-- ASSIGNMENT --
Below are records; print only the lines from the line containing "Health professionals in" to the end, both included, reproduced exactly and without the pictures.

Items listed in a dataset
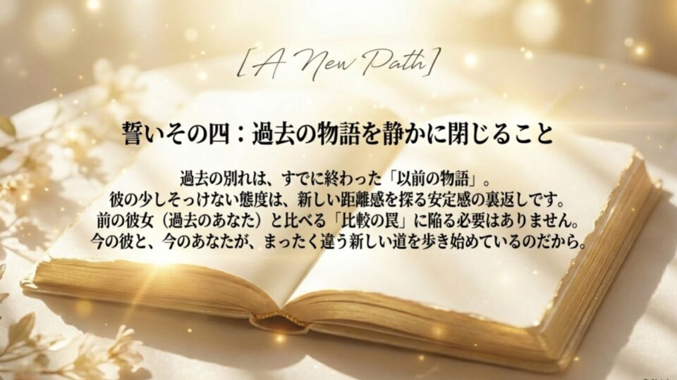 それは「比較の罠」という認知の歪みです。彼は前の彼女(過去のあなた)も含め、いろんな選択肢がある中で、今のあなたを選びました。過去のあなたに勝とうとする必要はありません。今の彼と、今のあなたが、新しく出会い直したのだと考えましょう。アップデートされた最新版のあなたこそが、彼にとっての最高傑作です。
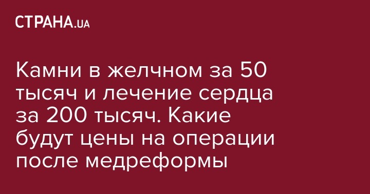 Камни в желчном за 50 тысяч и лечение сердца за 200 тысяч. Какие будут цены на операции после медреформы
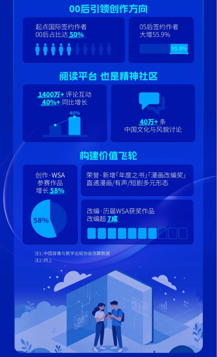 引人注目的是,全球创作力量正呈现出显著的年轻化趋势。在WebNovel的签约作者中,“00后”占比达50%,“05后”作者规模同比增长55.9%。这一生态不仅体现于创作与阅读,更演化为一个高黏性的精神家园——平台年评论互动量累计突破1400万条,同比增长40%,关于中国文化与风貌的讨论更是超过了40万条,成为文化交流的新桥梁。
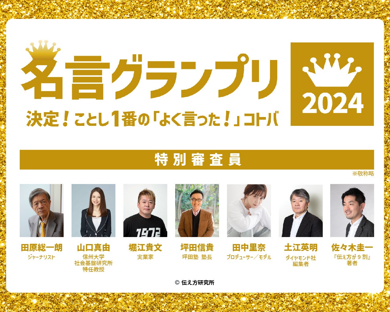 テレビ・SNS・雑誌などから年間300以上の名言を集める伝え方研究所(※)は、このほど「名言グランプリ2024」の開催を決定し、ノミネート10選を発表しました。2017年以来、第8回目となる今年は、ジャーナリストの田原総一朗氏ほか、計8名による審査が行われます。その年に生まれた「その年、もっとも素晴らしかった名言No.1」を決定し、伝え方研究所の公式webサイトなどで12月12日(木)に結果を発表する予定です。
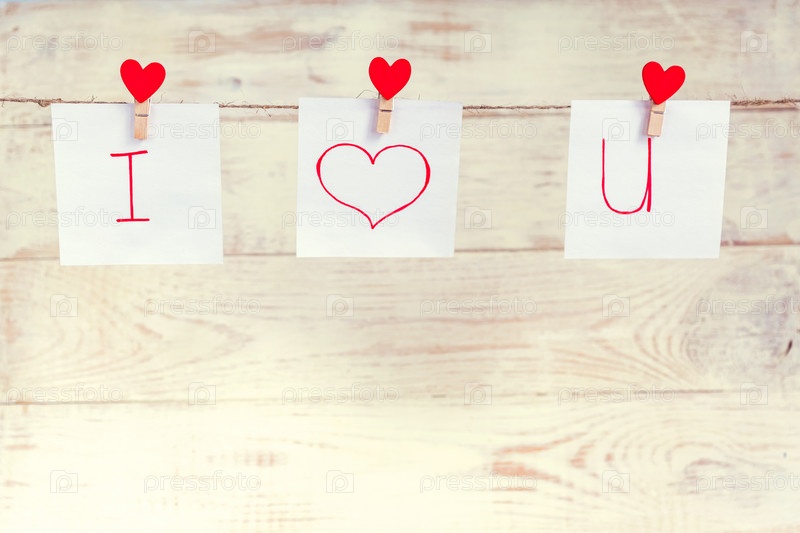 Красные штыри сердца влюбленности валентинки вися на естественном шнуре против белой деревянной предпосылки. Я люблю тебя надпись на кусочках бумаги
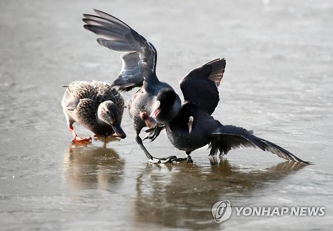 (창원=연합뉴스) 지난 3일 물닭이 경남 창원시 의창구 동읍 주남저수지에서 먹이를 찾고 있다. 2021.1.6 [최종수 생태사진가 제공. 재판매 및 DB 금지]
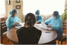 Health professionals in protective gear consulting with a patient indoors, focusing on COVID-19 precautions.
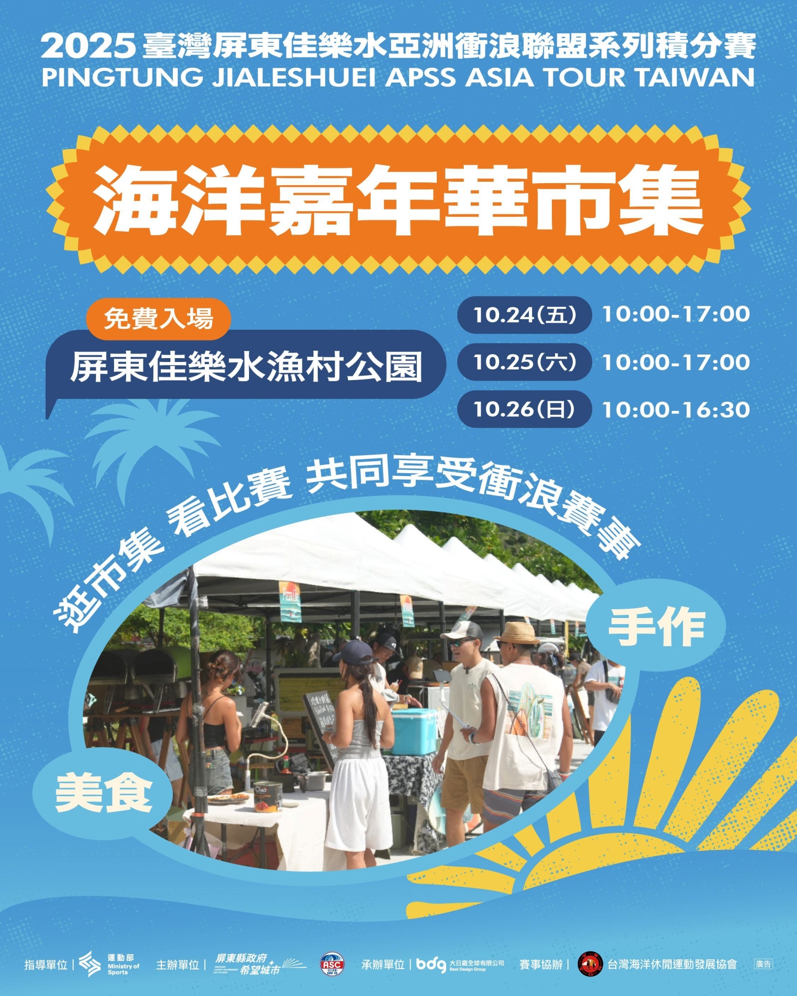 除熱血賽事之外,10月24日至26日上午10時至下午17時,還將於滿州漁村公園登場「海洋嘉年華」活動,串連海洋文化與在地生活,規劃超過30個攤位,包括在地美食市集、南島音樂表演、使用自然材料的手作體驗「構樹皮布製作手作體驗、海神餐桌之海廢食驗室、椰子編織水果籃手作體驗」、SUP龍舟版變裝競速賽、SUP寵物競速賽與衝浪體驗課程等豐富內容,邀請民眾在藍天與浪花間,一同感受屏東佳樂水的陽光熱情。
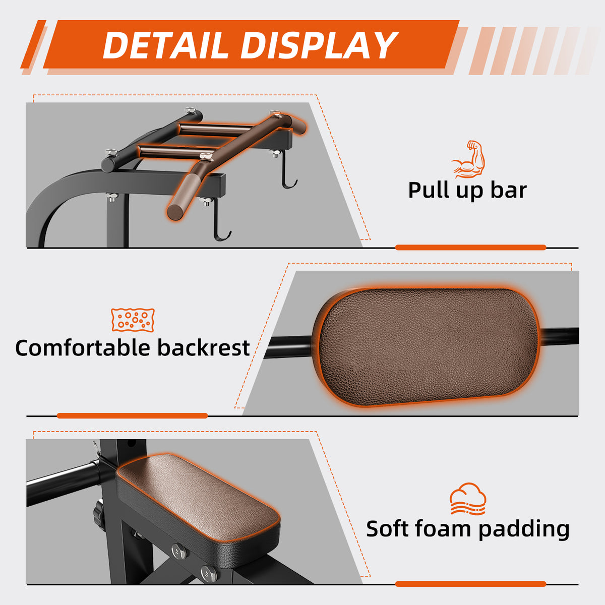 👍【Ergonomic & Comfortable Support】Equipped with a stable backrest and cushioned elbow pads, this workout station reduces joint strain and minimizes the risk of injury, allowing for longer, more comfortable training sessions.

-- WRITTEN SOLUTION --
 Health professionals in protective gear consulting with a patient indoors, focusing on COVID-19 precautions.
 除熱血賽事之外,10月24日至26日上午10時至下午17時,還將於滿州漁村公園登場「海洋嘉年華」活動,串連海洋文化與在地生活,規劃超過30個攤位,包括在地美食市集、南島音樂表演、使用自然材料的手作體驗「構樹皮布製作手作體驗、海神餐桌之海廢食驗室、椰子編織水果籃手作體驗」、SUP龍舟版變裝競速賽、SUP寵物競速賽與衝浪體驗課程等豐富內容,邀請民眾在藍天與浪花間,一同感受屏東佳樂水的陽光熱情。
 👍【Ergonomic & Comfortable Support】Equipped with a stable backrest and cushioned elbow pads, this workout station reduces joint strain and minimizes the risk of injury, allowing for longer, more comfortable training sessions.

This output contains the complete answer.